- Briefly review how Zeebe provides horizontal scalability and fault tolerance
- Describe one of the benchmarks that we run internally to measure Zeebe’s scalability and share our results (spoiler: Zeebe scales, again)
- Provide code and a README so that you can replicate these benchmarks yourself by running a Zeebe cluster on AWS
A big thanks to Felix for setting up the benchmark repository and running the benchmarks for this post.
How Zeebe Scales and Provides Fault Tolerance
As a workflow engine for microservices orchestration, it’s critical that Zeebe can scale to handle high-throughput workloads. The use cases we had in mind when we designed Zeebe might require the execution of hundreds of thousands (or more) workflow instances per second, and so the ability to scale horizontally on commodity hardware is a defining characteristic of Zeebe.
With these scalability requirements in mind, let’s go through a surface-level explanation of the mechanisms that allow Zeebe to scale horizontally and in a fault-tolerant manner.
First, Zeebe does not rely on an external database for data storage–this is one attribute that makes it different from other workflow engines. Most, if not all, workflow engines rely on relational databases to maintain state–that is, the current status of in-flight workflow instances and relevant metadata about these instances. Reading from and writing to a relational database will, at some point, become a significant performance bottleneck.
So if Zeebe doesn’t use a relational database, how does it maintain state?
In Zeebe, data is persisted on the same servers (“brokers”) where Zeebe is deployed. The data is stored as a stream of workflow-related events in the form of append-only logs (“topics”). Sequential writes to a log are much more efficient than updates in a database and still provide Zeebe with the ability to derive the current state of a workflow at any point in time.
Zeebe’s mechanism for horizontal scalability is partitioning, which makes it possible to distribute data in a Zeebe topic across a cluster of machines (partitioning is similar to the concept of sharding in the database world).

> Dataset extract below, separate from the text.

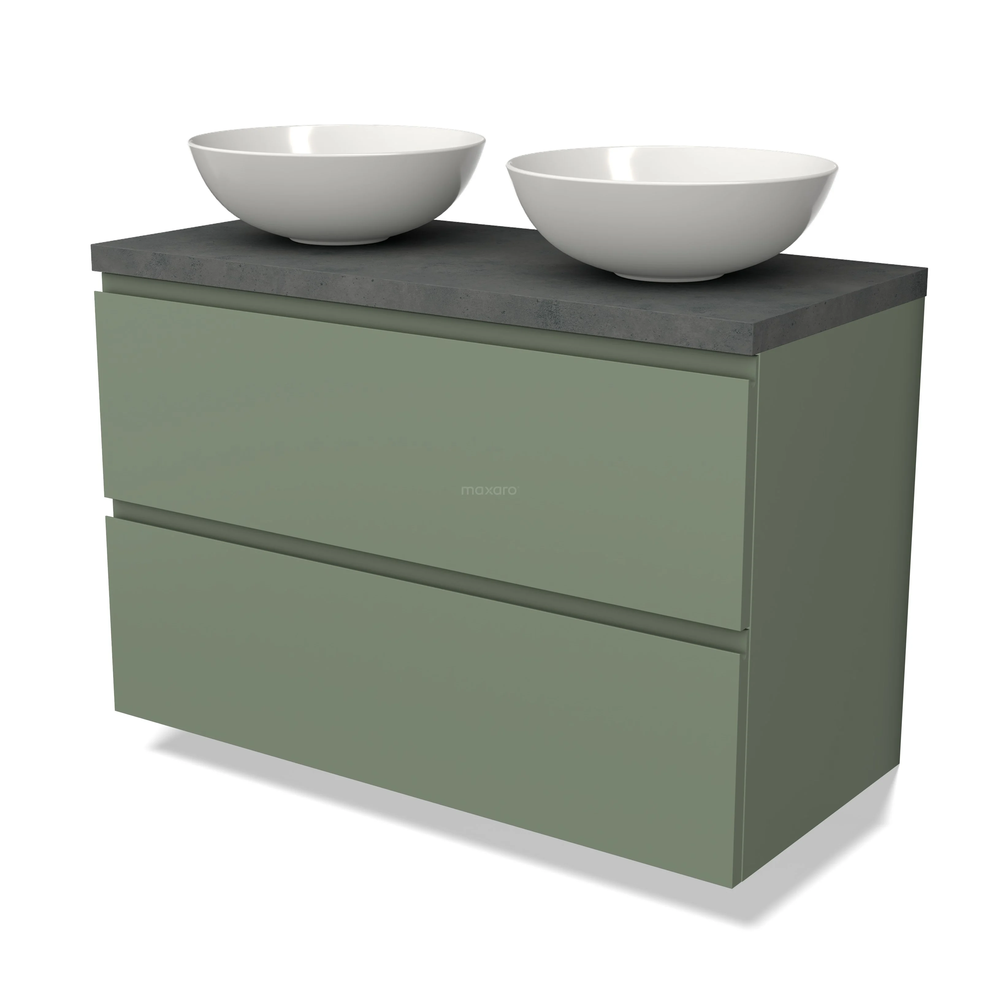Modulo Plato Badmöbel mit Aufsatzwaschbecken | 100 cm Salbeigrün Grifflos front Dunkelgrauer Beton blatt 2 übereinanderliegende Schubladen

A Zeebe user configures the number of Partitions
when creating a new topic.
Equally important to horizontal scalability in Zeebe is fault tolerance, meaning that if a Zeebe broker goes down, no data will be lost, and the microservices or other workers that publish events to and consume events from Zeebe are able to resume processing with minimal interruption.
To provide fault tolerance, Zeebe partitions can be replicated across different machines, and this ReplicationFactor
(the number of replications created per partition) is another configuration option that’s set by a user during topic creation.
Let’s visualize these concepts to make sure they’re clear. In the graphic below, we show a single Zeebe topic with two Partitions
and a ReplicationFactor
of three distributed across three Zeebe brokers. In this scenario, one of our Zeebe brokers could go down, and we’d still be able to continue processing with no data loss–the number of broker failures that can be tolerated is equal to ((ReplicationFactor
- 1) / 2).
To summarize:
- To scale throughput, you can increase the number of
Partitions
to distribute processing over machines in a cluster - For fault tolerance, you can configure the
ReplicationFactor
; replications function as “hot standby” of yourPartitions
that are stored on different brokers, making it possible to quickly resume processing after a failure
For more information about these concepts, we recommend the Topics & Partitions entry in the Zeebe docs.
It’s very easy for a user to configure Partitions
and ReplicationFactor
, and you can go through the topic creation process using the Zeebe CLI in the Zeebe Quickstart. Here’s how we’d create a new topic and configure Partitions
and ReplicationFactor
to match our example above.
$ ./bin/zbctl create topic quickstart --partitions 2 --replicationFactor 3
{
"Name": "quickstart",
"State": "CREATING",
"Partitions": 2,
"ReplicationFactor": 3
}
Of course, ease of configuration doesn’t matter if these mechanisms don’t actually allow Zeebe to scale in a fault-tolerant manner, and so we regularly run benchmarks to understand how Partitions
and ReplicationFactor
impact Zeebe’s performance.
What metrics do we use when we benchmark Zeebe?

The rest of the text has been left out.